For a McDonough property, you can begin with what other landlords in your area are charging their tenants. Comparable properties, or comps, are similarly sized rental properties that you have to look at with features akin to yours. Some detective work is needed to get this information. Posted rentals and local classified ads are good places to start.
Alternatively, you can contact a McDonough property management company like Real Property Management Anchor who can give you great information about the rental market. Three or more comps are needed so you can calculate the average monthly rent and compare your current rate with the result. You now know your property’s fair market rent.
Regular Rental Property Assessment
Calculating the fair market rent is a necessary first step. However, it is only the beginning of ensuring your rental property’s profitability. For you to maximize your monthly cash flows, you must re-calculate the fair market rent for your McDonough property annually, or even more often, if rents are volatile.

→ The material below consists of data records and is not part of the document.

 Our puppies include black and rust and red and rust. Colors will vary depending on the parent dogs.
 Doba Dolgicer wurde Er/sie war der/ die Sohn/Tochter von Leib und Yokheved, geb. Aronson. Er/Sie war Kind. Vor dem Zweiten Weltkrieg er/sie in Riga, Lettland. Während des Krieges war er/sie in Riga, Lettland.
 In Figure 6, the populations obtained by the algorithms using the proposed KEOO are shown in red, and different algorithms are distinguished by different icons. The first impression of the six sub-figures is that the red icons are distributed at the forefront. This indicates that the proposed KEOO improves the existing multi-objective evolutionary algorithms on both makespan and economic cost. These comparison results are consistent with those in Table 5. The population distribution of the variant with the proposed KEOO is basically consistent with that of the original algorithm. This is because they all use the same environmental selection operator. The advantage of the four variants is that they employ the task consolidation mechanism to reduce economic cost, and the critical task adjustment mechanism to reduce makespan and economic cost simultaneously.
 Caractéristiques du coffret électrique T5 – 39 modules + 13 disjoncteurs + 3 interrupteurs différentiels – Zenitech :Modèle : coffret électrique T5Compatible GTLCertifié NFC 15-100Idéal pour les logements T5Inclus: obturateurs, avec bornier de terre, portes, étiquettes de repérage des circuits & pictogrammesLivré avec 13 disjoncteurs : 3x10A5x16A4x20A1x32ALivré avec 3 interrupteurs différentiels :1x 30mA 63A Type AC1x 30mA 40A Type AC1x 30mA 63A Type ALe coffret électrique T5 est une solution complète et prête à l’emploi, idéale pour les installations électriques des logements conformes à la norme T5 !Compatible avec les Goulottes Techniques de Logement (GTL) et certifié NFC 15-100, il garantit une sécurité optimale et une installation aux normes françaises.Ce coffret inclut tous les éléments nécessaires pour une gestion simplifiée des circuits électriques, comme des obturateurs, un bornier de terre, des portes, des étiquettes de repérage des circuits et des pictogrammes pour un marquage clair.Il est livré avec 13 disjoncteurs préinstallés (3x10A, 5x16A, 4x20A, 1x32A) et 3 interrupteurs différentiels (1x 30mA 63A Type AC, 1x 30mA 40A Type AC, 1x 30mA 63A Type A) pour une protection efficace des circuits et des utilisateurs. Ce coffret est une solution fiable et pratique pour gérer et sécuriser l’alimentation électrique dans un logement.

In the few years that have passed, a shortage of single-family rental homes has led to a surge in rental rates in almost all markets all over the country. If you have not conducted a recent rental property assessment in your area, it is likely that your rent charges are too low.

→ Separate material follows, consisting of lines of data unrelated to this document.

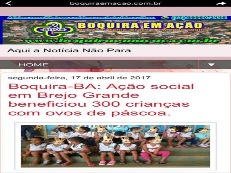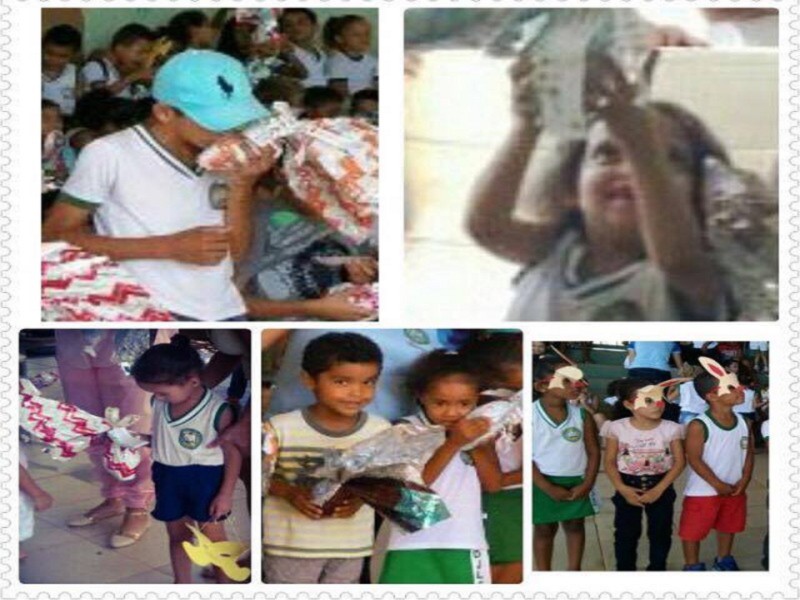 O Rotary E-club o Rotaract e o Interact Monteiro Lobato, junto com o apoio de outras Ongs, realizaram a ação social em Boquira na Bahia, povoado de Brejo Grande beneficiando 300 crianças com ovos de pascoa. As doações vieram de vários companheiros e outros parceiros, os ovos foram todos confeccionados na casa da companheira do E-club Monica Magalhães, formou-se uma grande corrente do bem. Conseguimos parceiria com a Ong Jovens do Sopão para o transporte gratuito e a companheira organizou com os professores da única escola deste povoado a entrega dos Ovos de Pascoa neste domingo. Que se tornou um grande evento no local.
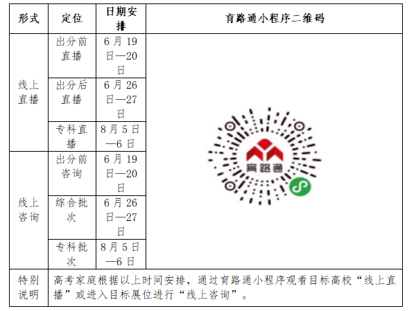 “线上咨询会”在“育路通小程序”呈现。通过线上高招会,高考家庭可以突破时空限制,通过视频、语音、文字、图片等方式,全面了解各高校的招生政策、优势专业、办学特色、人才培养等高招资讯,以云游校园的形式远程感受学校的学习环境和文化内涵。具体安排如下: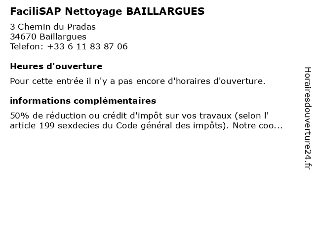 | Appeler FaciliSAP Nettoyage BAILLARGUES | |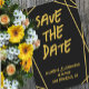 Elegante boda minimalista salva la fecha con marco geométrico y tipografía clásica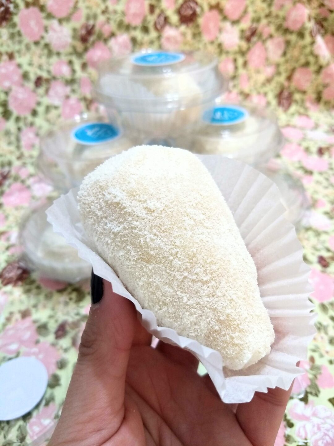 Brigadeiro de Ninho em forma de coxinha, recheado com morango fresco e coberto com leite Ninho em pó.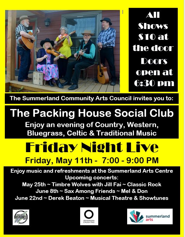Enjoy an evening of Country, Bluegrass, Celtic and Traditional music on Friday, May 11th with the Packing House Social Club from 7 to 9 pm. The Summerland Arts Centre, 9525 Wharton Street, downtown Summerland. Doors open at 6:30 and music starts at 7:00 pm. $10 at the door.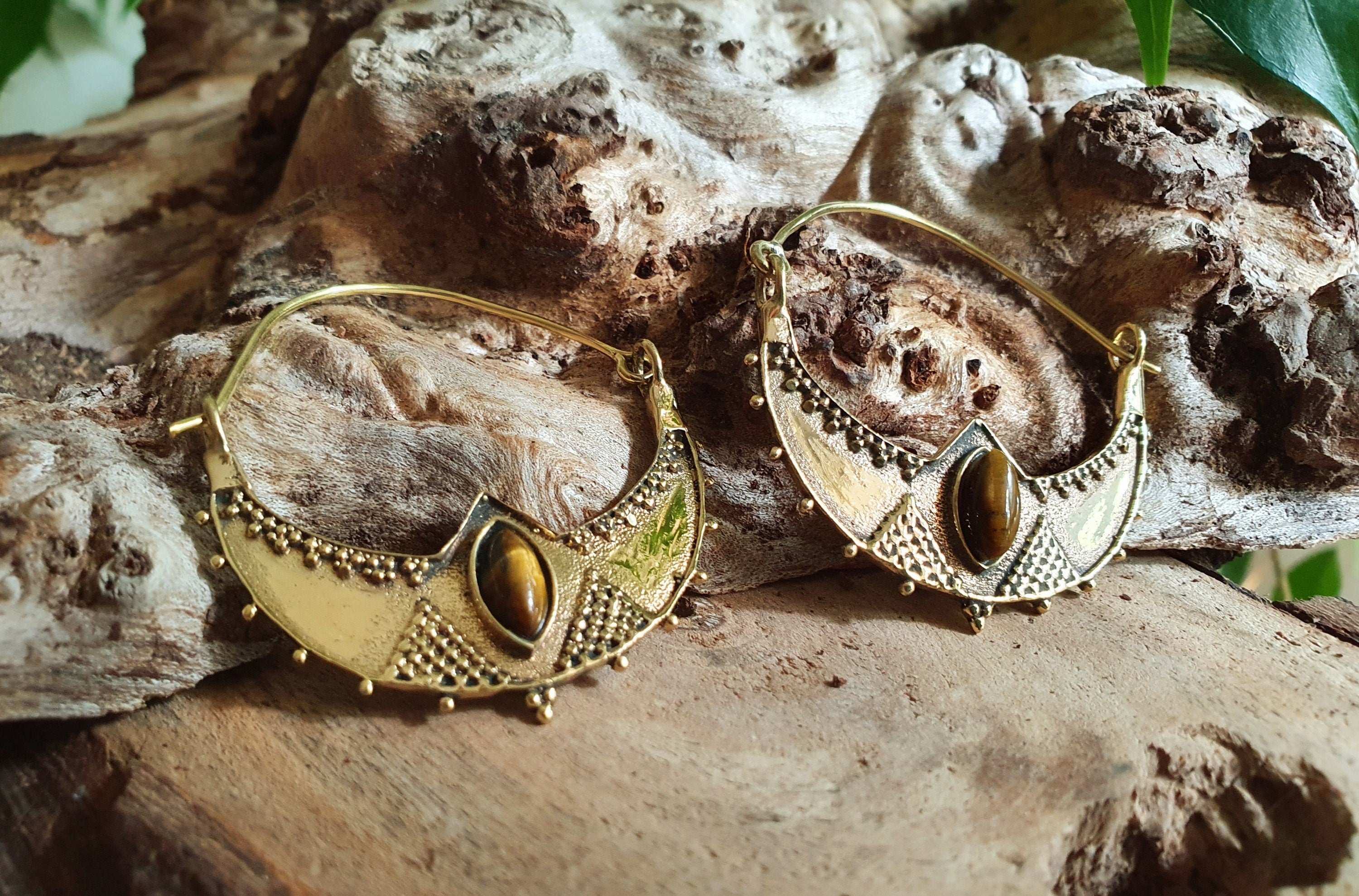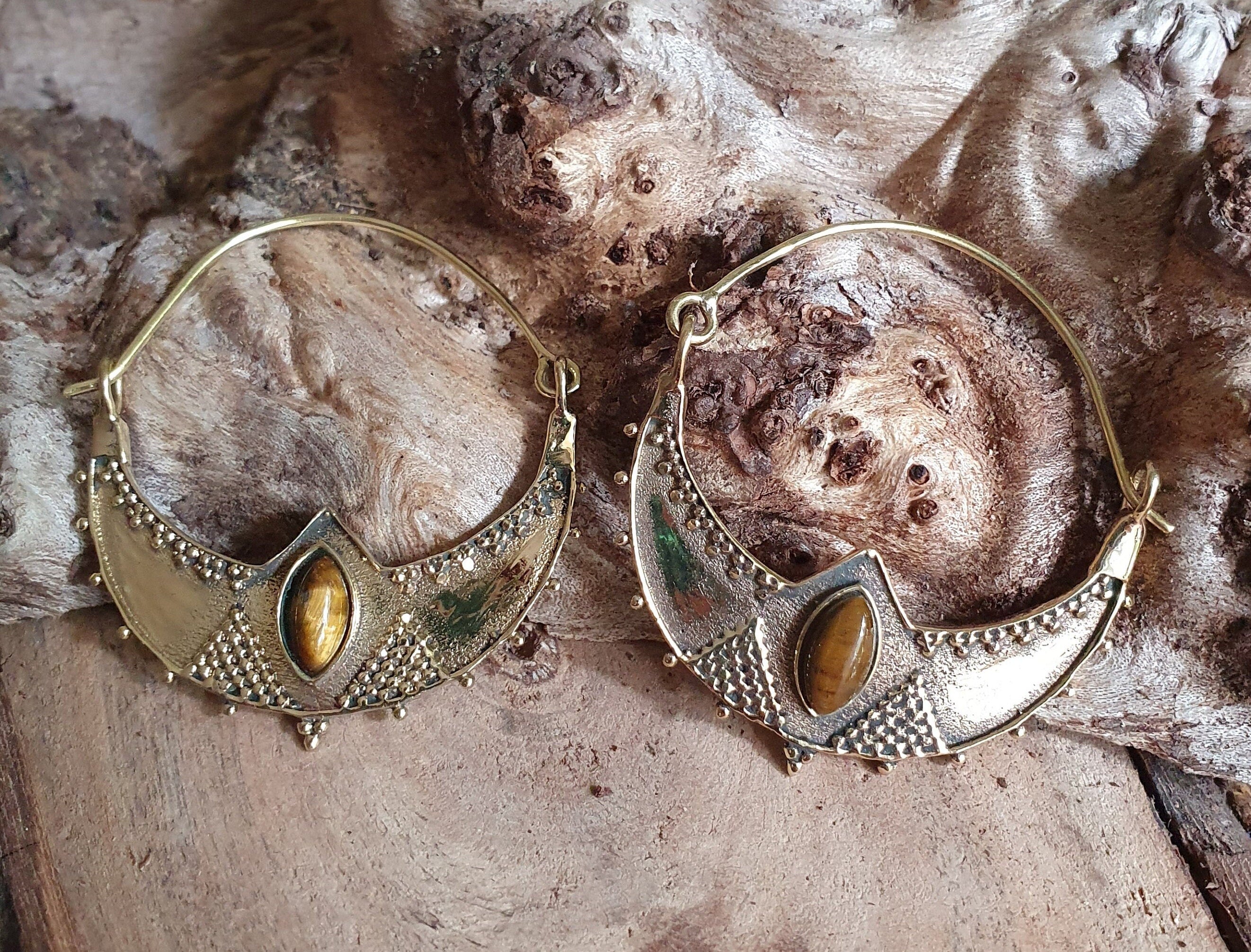 Tiger Eye & Brass Ethnic Hoop Earrings

Still, it’s not just about money. There are numerous reasons that make property owners hesitant about raising their rent. Some are worried that if they raise their rent, their rental property will become harder to lease. Other landlords believe that setting the rent at the going rate will make it harder to find tenants as their rental house would seem less competitive. Or you might be concerned about getting on the bad side of a current tenant, especially when they have been renting from you for some time. But you have to consider that if you haven’t changed your rent for a few years, chances are your current tenant is paying a rental rate much lower than what others are paying.
Professional Property Management Pays for Itself
Knowing whether you are charging the appropriate amount in rent or not can be both time-consuming and nerve-wracking. Even after having done your own market research, you could still be concerned about losing your tenant if you raise your rent. Having a professional property management company assess your property and set your rental rate can be very helpful. One thing that hinders a landlord from hiring a property manager is the cost. But if you are not charging the right amount of rent, you might already be losing more money than if you were paying someone to manage your property for you. From ensuring you have an accurate rental rate to working amicably with your tenants, a professional property management company can help increase your monthly income, effectively paying for itself.